Dicheno che a non far dire le parolacce agli studenti, e a sorvegliare il loro linguaggio, e a invitarli ad usare espressioni formalmente corrette, il loro rendimento migliora. Dovrò cambiare completamente metodo e approccio, cazz… ehm, mannaggia.
Sono troppo grezzo e ignorante per apprezzare alcune cosette. Per dire, le Kantaten di Bach mi paiono tutte uguali e in fondo in fondo madò che rottura di palle.
La vita in fondo è semplice. C’è chi per essere contento gli basta solo che qualcuno metta un like sotto la sua foto di un limone.

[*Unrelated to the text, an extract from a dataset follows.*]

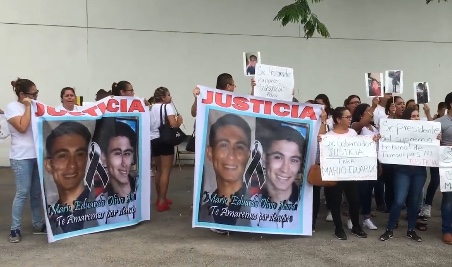 Previo al inicio de la audiencia de implicados en la desaparición y homicidio del estudiante de la facultad de comercio de la U.A.T., Mario Eduardo Olivo Acuña, un grupo de familiares y amistades vestidos con playeras blancas, protestó en el exterior del palacio de justicia en Altamira.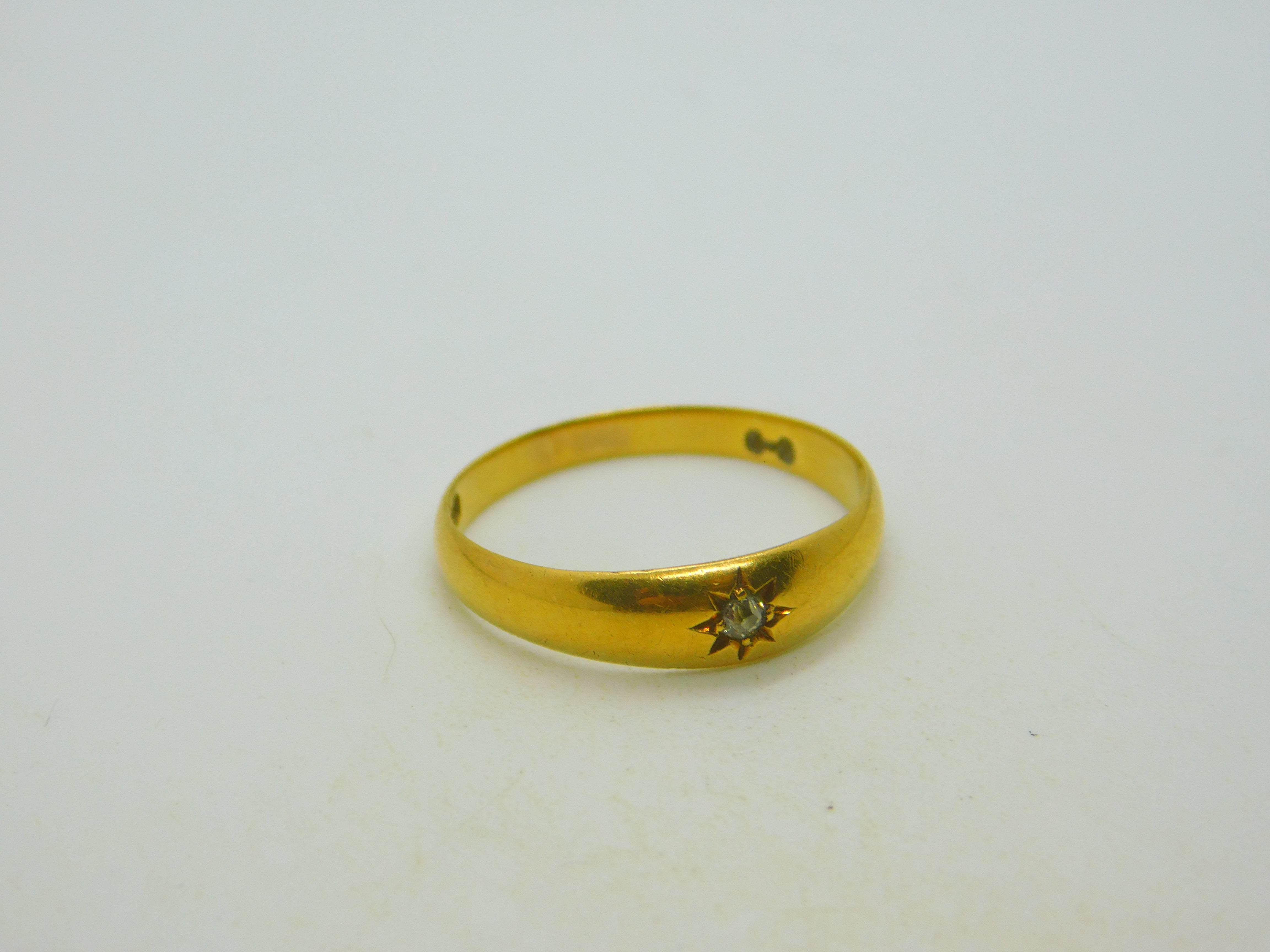 Victorian 18ct Yellow Gold & 0.1ct Diamond Gypsy Ring Antique 1900 London

Prima di dire che un ragazzo che evidenzia certi problemi ha un Dsa, l’insegnante deve attivare un percorso di recupero sistematico e mirato ai bisogni di quel ragazzo; solo se il percorso fallisce e i problemi continuano a manifestarsi si invita la famiglia a contattare uno specialista. Insomma, pensa te, non si tira a indovinare e non è una questione di “sensibilità”.
C’è gente che non aveva idea di cosa significasse il marcire delle patate in casa. C’è gente che forse ne ha idea o forse non ne ha idea, ma che comunque è stata testimone di esperienze domestiche di decomposizione che neanche i netturbini di Calcutta. E te le racconta, il/la maledetto/a, con dovizia di particolari.

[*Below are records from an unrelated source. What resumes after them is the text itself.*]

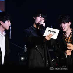 熱気に満ち溢れた会場で「今日、メジャーデビューですね!」(栗原)、「やっとメジャーデビューにこぎつけました!嬉しいですね、当日みなさんに会えるのは」(桜田)と喜びを語ると「おめでとう!」の声が飛んだ。「EVEN座談会」と題したトークコーナーは、映画撮影から一緒に過ごす5人だけにボケとツッコミも息ぴったり。「もし女性だったら誰と付き合う?」というお題で、桜田を指名した才川がその理由として「最近めっちゃ優しい。タクシーでバイバイする時も、ちゃんと後ろ向いて『バイバイ』って。女性がやられたら絶対惚れるよ!あと、毎回記念日においしい肉をごちそうしてくれる」と素顔を明かすと黄色い歓声。「あなたが最近デビューしたこと」については「ボクシングデビューしました。コージの実家のマンションの広場で臭いグローブつけてガチで殴り合う」(栗原)、「EVENの誰よりも先に通くん家に行った。週2回くらい!」(坂東)とメンバー同士の交流を明かす。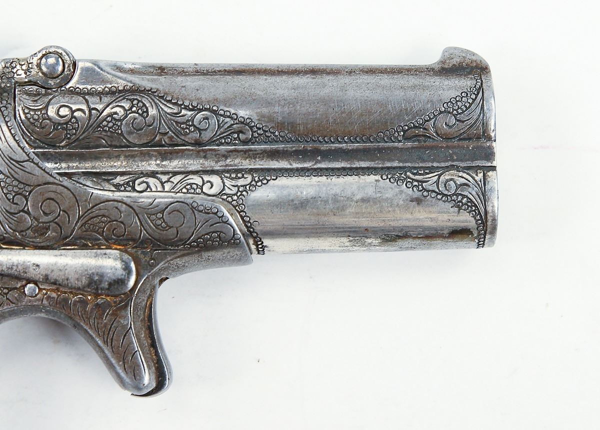 Remington O/U .41cal derringer Overall in very good vintage condition with factory engraving. and mother of pearl grips. Very low serial number C&R Eligible S/N: 847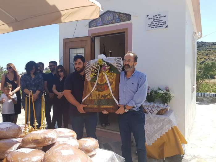 Χωρίς άλλη κουβέντα φανερά στενοχωρημένος και ταραγμένος σηκώθηκα ,πήρα το αυτοκίνητο κι έχοντας στην τσέπη 98 ευρώ ξεκίνησα από το Βενιζέλειο να έρθω στα Ανώγεια και να διαρμιστώ το θέμα της εκκλησίας, με την προϋπόθεση ότι οι λίγες οικονομίες που είχα ,είχαν εξανεμιστεί. Φθάνοντας στα Ανώγεια, συνάντησα τον οικοδόμο, γείτονα και φίλο μου Γιάννη Νταγιαντά ή Λαμπρινογιάννη . Του ανέφερα το πρόβλημα μου με την εκκλησία και ακόμη ότι δεν είχα χρήματα να του δώσω άμεσα, αλλά μπορούσα να του δίνω 1000 ευρώ στο τέλος κάθε μήνα. Ο Γιάννης δέχτηκε και άρχισε άμεσα την ανέγερση της εκκλησίας,την ολοκλήρωση της οποίας εμείς απολαμβάνουμε σήμερα. Δεν μπόρεσε όμως να δει η πολύ-αγαπημένη μου σύζυγος. Πιστεύω όμως ότι από εκεί ψηλά που βρίσκεται ,από την γειτονιά των Αγγέλων, θα βλέπει το εκκλησάκι της, θα μας βλέπει όλους κι η Άγια Ψυχή της θα αγάλλεται..”
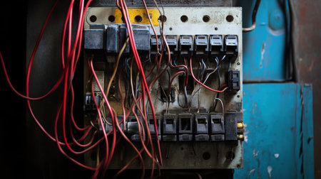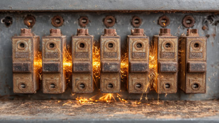 A close-up image of a rusty electrical circuit box featuring damaged switches and sparks, perfect for highlighting industrial safety and maintenance themes.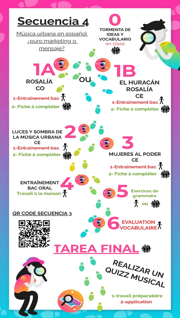 Comme le montre le plan de séquence présenté et consacré à la musique urbaine en espagnol, chaque séquence est construite autour d’une problématique (ici savoir si cette musique est pur marketing ou aussi porteuse de message) et de trois types de compétences à acquérir : grammaticales, culturelles et lexicales, méthodologiques et phonologiques enfin. Dans l’exemple jointe, sont étudiés le passé composé et les pronoms personnels (grammaire), les styles musicaux urbains, le flamenco (culture), le lexique et vocabulaire musical (lexique), l’identification d’une opinion, la structure d’un article ou le repérage d’une situation d’énonciation (méthodologie). Enfin, la séquence se termine par une tâche finale, souvent collective, parfois notée, et qui va permettre de donner sens et motivation à la séquence, et si possible du plaisir dans le travail. Ici, il s’agit de la construction d’un quiz musical qui peut donner lieu à un concours interne à la classe par exemple.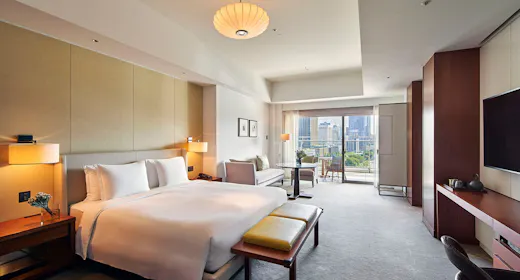 丸の内にありながら豊かな自然に恵まれた絶好のロケーション。お部屋の窓を開け、目の前に広がる緑の景色と心地よい風を感じながら、「パレスホテル東京」で至福のひとときをお過ごしください。 ※画像はイメージです ※客室のレイアウトは各部屋によって異なる場合がございます。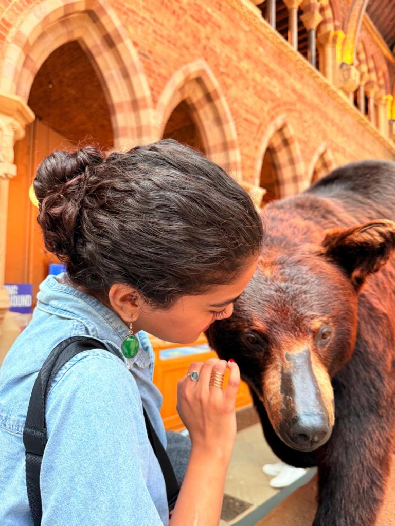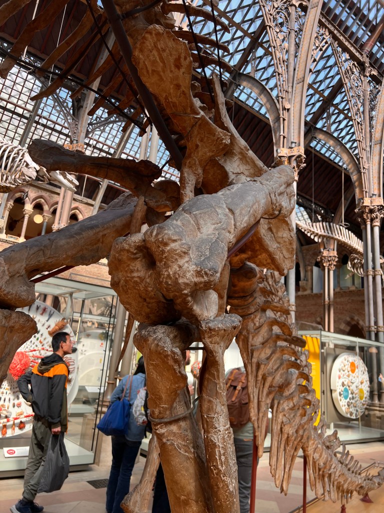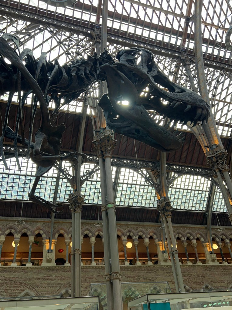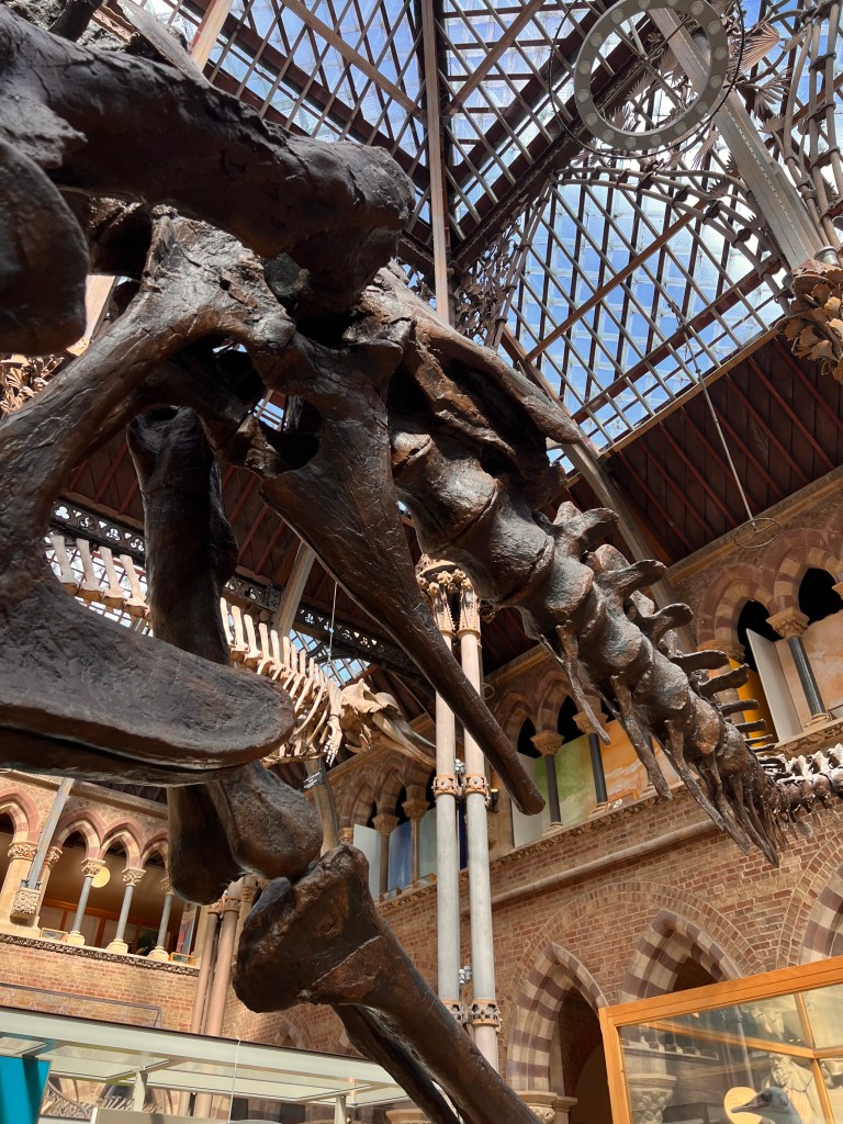 As I entered the Natural History Museum in Oxford, it was spectacular to see the dinosaurs. Most of them were old molds, probably made to preserve the shapes of species from T. rex to ostriches and others. The actual dinosaur fossils were kept safely in glass. While walking through the exhibits, I noticed people touching some of the rocks and fossils, and at first, I thought you weren’t supposed to. But then I saw it was allowed to touch them gently. I went back and touched each one, just to feel them – to imagine holding something so ancient, from millions or even billions of years ago, here in 2025.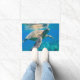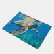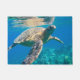 Underwater photograph of a sea turtle swimming in crystal clear water just below the surface.

Alla riga 5, la mia bisnonna Elisabetta, 33 anni. Alla riga 6 sua figlia Maria, 16 anni. Alla riga 7 suo figlio. Mio nonno, Vito. Tre anni. Rosario, il mio bisnonno, stava già a Brucculino e li aspettava. Non fatico a appiccicare sui visi di chi sbarca a Pozzallo o a Lampedusa quelli di Elisabetta e di Maria, del piccolo Vito. Anche se in Italia, nel 1903, non c’era guerra. E c’era, bene o male, uno Stato. Ma c’era anche miseria e fame. E allora si partiva. Perché se si ha fame, Cristo, si ha il diritto di partire. Stipati in 1100 sulla Sicilian Prince, tutti in terza, ché la prima tiene posto solo per venticinque ricchi. Quindici giorni di traversata. Chissà che paura, du fimmine e chidd’avutru, nicareddu nicareddu.
Paura o no, si andava. Si aveva da andare. Dal 1875 al 1913, quasi quattordici milioni. Su trentatrè. Che strana gente. Che strana specie di gente, ad affrontare l’oceano per una speranza di bene, per il sogno di un di più. Che strana specie, poi, a fare presto ad abituarsi al comodo, e a dimenticare. Che strana specie che è, la specie umana.